Amounts in NOK `000 2021 2022 2023 2024
Planned capital expenditure for existing licences
(Work Program and Budget) 585 427 277 772 218 276 90 494

Note 8. Oil and gas properties, buildings, furniture, fixtures and office machines, right-of-use assets

Note 9. Impairment

Tangible and intangible assets are tested for impairment whenever impairment indicators are identified and at least on an annual basis. Impairment is recognised when the book value of an asset or cash generating unit exceeds the recoverable amount. The recoverable amount is the higher of the asset's fair value less costs to sell and value in use. The recoverable amount is estimated based on discounted future after tax cash flows. The expected future cash flows are discounted to net present value by applying a discount rate after tax that reflects the weighted average cost of capital (WACC).

Technical goodwill arises as an offsetting account to the deferred tax recognised in business combinations and is allocated to each Cash Generating Unit (CGU). When deferred tax from the initial recognition decreases, more goodwill is as such exposed for impairments.

Fair value assessment of the company's right-of-use (ROU) assets portfolio are included in the impairment test.

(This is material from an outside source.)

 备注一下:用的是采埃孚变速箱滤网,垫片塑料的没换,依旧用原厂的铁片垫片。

Below is an overview of the key assumptions applied in the impairment test as of 31 December 2020:

Oil Gas Currency rates
Year USD/boe* GBP/therm* USD/NOK
2021 50.9 0.46 8.55
2022 48.7 0.42 8.57
2023 52.8 0.42 8.42
2024 60.3 0.42 8.16
From 2025 65.0 0.43 8.00

Below is an overview of the key assumptions applied in the impairment test as of 31 December 2019:

Oil Gas Currency rates
Year USD/boe* GBP/therm* USD/NOK
2020 62.5 0.33 8.76
2021 57.3 0.41 8.74
2022 54.5 0.42 8.72
2023 53.0 0.42 8.68
From 2024 65.0 0.47 8.00

* Prices in real terms

Other assumptions

For oil and gas reserves future cash flows are calculated on the basis of expected production profiles and estimated proven and probable remaining reserves.

Future capex, opex and abandonment cost are calculated based on the expected production profiles and the best estimate of the related cost. For fair value testing the discount rate applied is 10.0% nominal post tax (2019: 10.0% nominal post tax).

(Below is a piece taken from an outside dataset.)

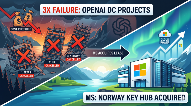 오픈AI, 비용 압박에 3연속 데이터센터 구축 무산…노르웨이 핵심 거점 MS 차지

The long-term inflation rate is assumed to be 2.0% (2019: 2.0%).

The valuation of oil and gas properties and goodwill are inherently uncertain due to the judgemental nature of the underlying estimates. This risk has increased due to the current market conditions with rapid fluctuation in supply and demand of oil and gas causing more volatility in prices.

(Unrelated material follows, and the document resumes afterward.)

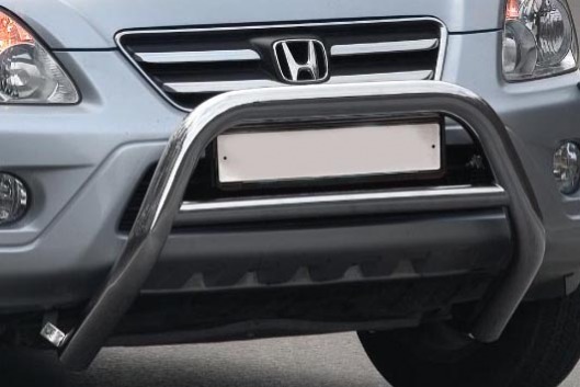 Передняя решетка Honda CR-V (кенгурятник) – это защитная дуга на бампер из нержавеющей стали диаметром 76 мм.

Impairment testing of technical goodwill, ordinary goodwill, fixed assets and right-of-use assets as of 31 December 2020

Based on impairment testing, NOK 1 387 million in impairment charges were recognised in 2020. The impairment loss was recognised to reduce the carrying amount of Oil & Gas properties at Yme of NOK 730 million with an offsetting change in deferred tax of NOK 570 million, "technical" goodwill of the Draugen, Gjøa and Ivar Aasen CGUs of NOK 403 million, and ordinary goodwill of NOK 253 million. The key driver for the impairment of technical goodwill in 2020 was the significant adverse development in oil and gas prices following the Covid-19 pandemic. The key driver for the impairment of ordinary goodwill in 2020 was the drop in market price of the OKEA shares in relation to the market turmoil largely attributable to the Covid-19 pandemic. Note that impairment of goodwill may not be reversed even if the market situation subsequently improves. Impairment of Oil & Gas properties at Yme was primarily driven by increased capital expenditures as well as a revised estimate for start of production.

Impairment testing of technical goodwill, ordinary goodwill, fixed assets and right-of-use assets as of 31 December 2019

Based on impairment testing, NOK 105.4 million in impairment charge was recognised in 2019 for the CGU Gjøa. The impairment loss was driven by lower gas prices and reduced the carrying amount of "technical" goodwill related to the Gjøa acquisition in November 2018. For the CGUs Draugen, Ivar Aasen and Yme, no impairment was recognised in 2019.

Sensitivity analysis 2020

The table below shows what the impairment (pre-tax) would have been in 2020 under various alternative assumptions for key variables in the calculation (assuming all other assumptions remaining constant). The amounts represent the combined impairment for CGUs Gjøa, Draugen, Ivar Aasen and Yme, and ordinary goodwill.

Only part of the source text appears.